MDRC in the News
Nonprofits Give ‘Disconnected’ Youths Another Chance
The New York Times
Jonathan’s father always told him he would never amount to anything other than a drug dealer. He entered the foster care system when he was 12. At 18, he was in college, but had to drop out to take care of his ill grandmother…..
…..He now lives in an off-campus apartment at Bridgewater State University in Massachusetts, drives part time for Uber to help support himself and will graduate in December with a bachelor’s degree in management with a concentration in operations…..
…..Even well-meaning people think that those in their late teens and early 20s are already beyond help, said David Abromowitz, chief public policy officer of YouthBuild USA. “They say, ‘I want to work with children.’ I say, ‘Who do you think are the parents to those children?’” For example, he said, about 30 percent of those enrolled in YouthBuild have children…..

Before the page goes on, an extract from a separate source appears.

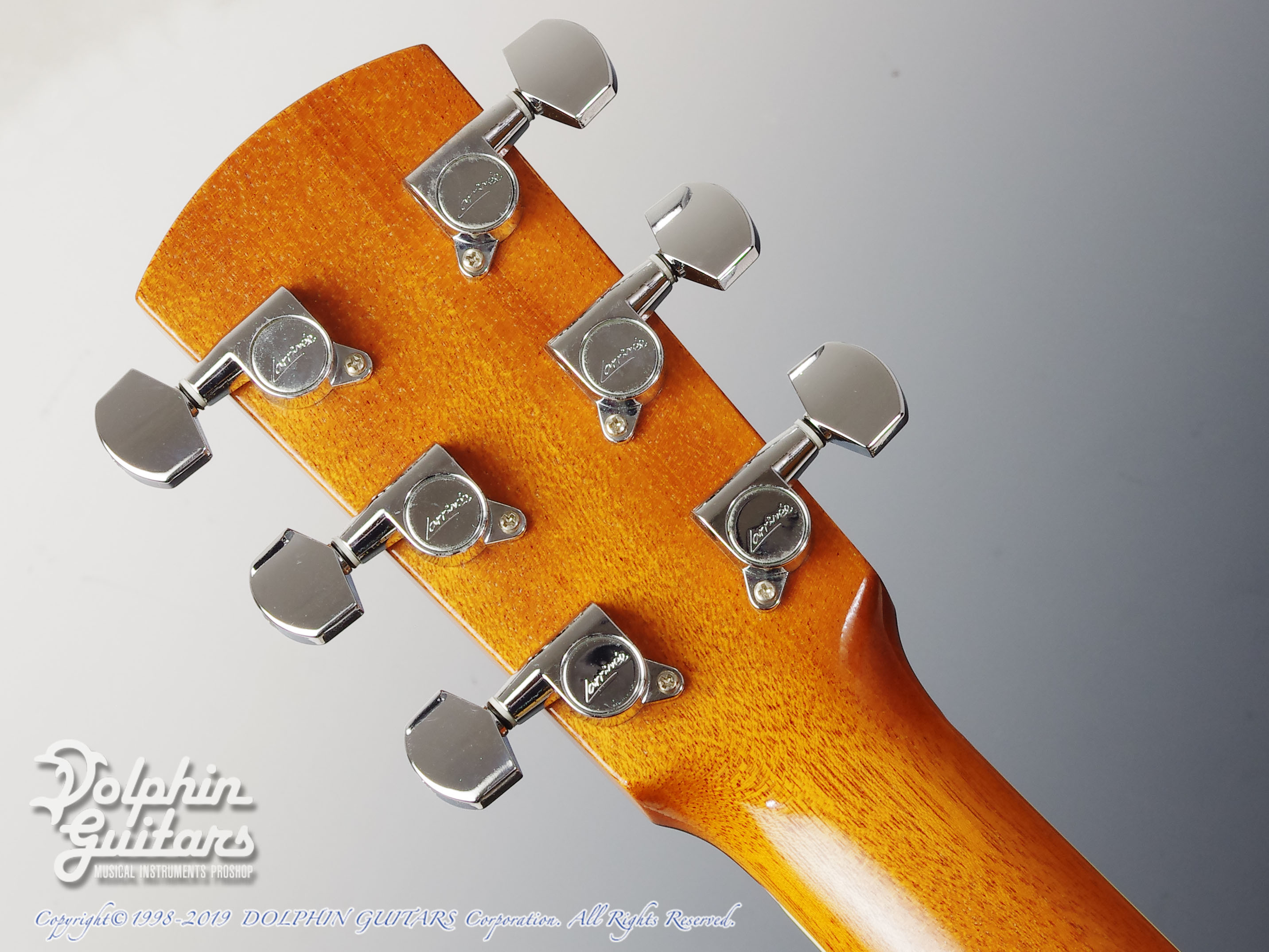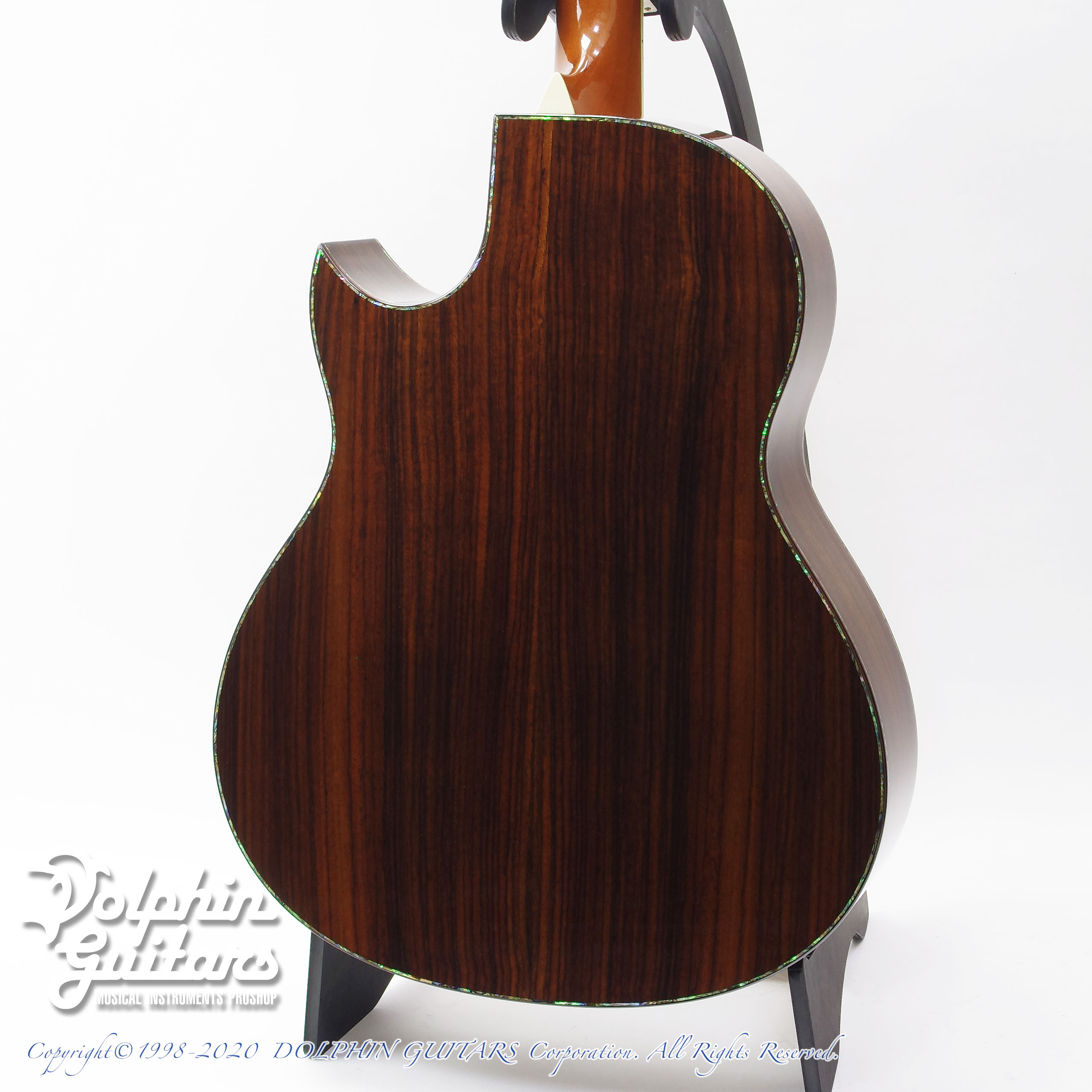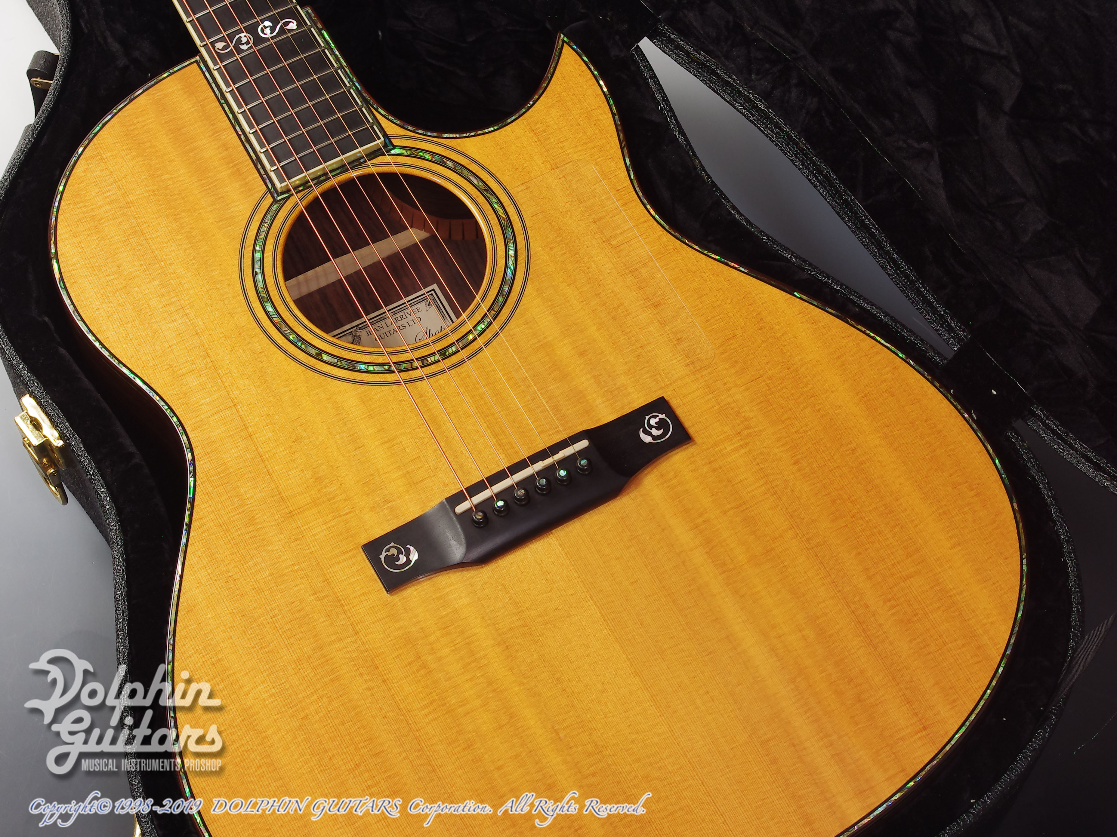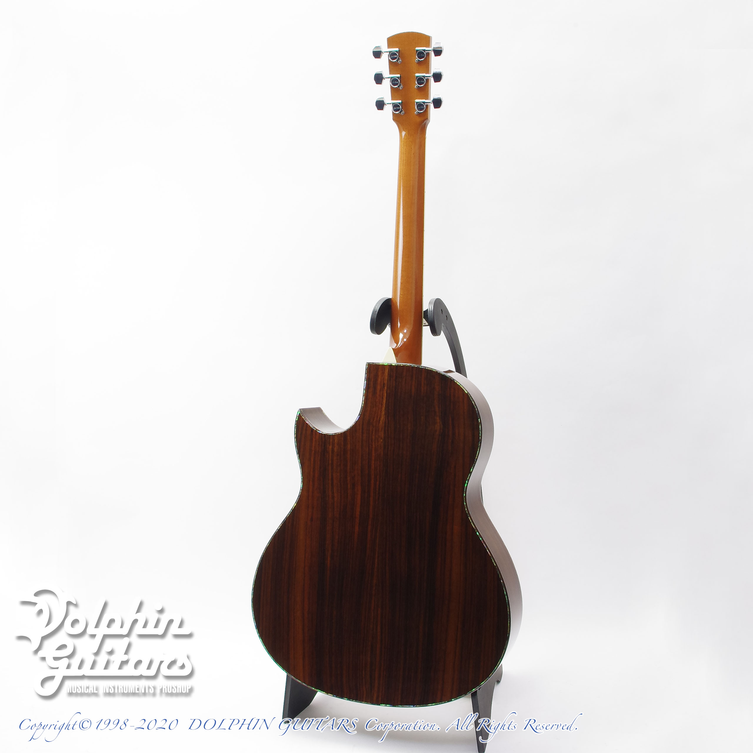 シトカ スプルースTOP、インディアンローズウッドS&B、エボニー指板&ブリッジ、アバロントリム&ロゼッタ、タンバリンガールインレイ、フローレンタインカッタウェイ、クリアPG、シャーラーロトマティックペグ。

…..Youth Villages helps emotionally and behaviorally troubled children succeed by working with them and their families; YVLifeset, a part of Youth Villages, is aimed at people 17 to 22 years old. It is an intensive six- to 12-month program to support, guide and encourage participants, most of whom grew up in the foster care system. The statistics for those who spent their childhood in foster care is dismal: At age 21, half are unemployed, one in five is homeless, and almost 70 percent have been involved in the criminal justice system…..
…..A five-year independent study by MDRC, a research organization, found that compared with a randomly selected control group, YVLifeset participants show decreases in homelessness and violent relationships and increases in earnings…..
…..Now, there are 230 YouthBuild programs in the United States and 80 internationally. Programs are often housed within a larger nonprofit, such as a YMCA or housing development.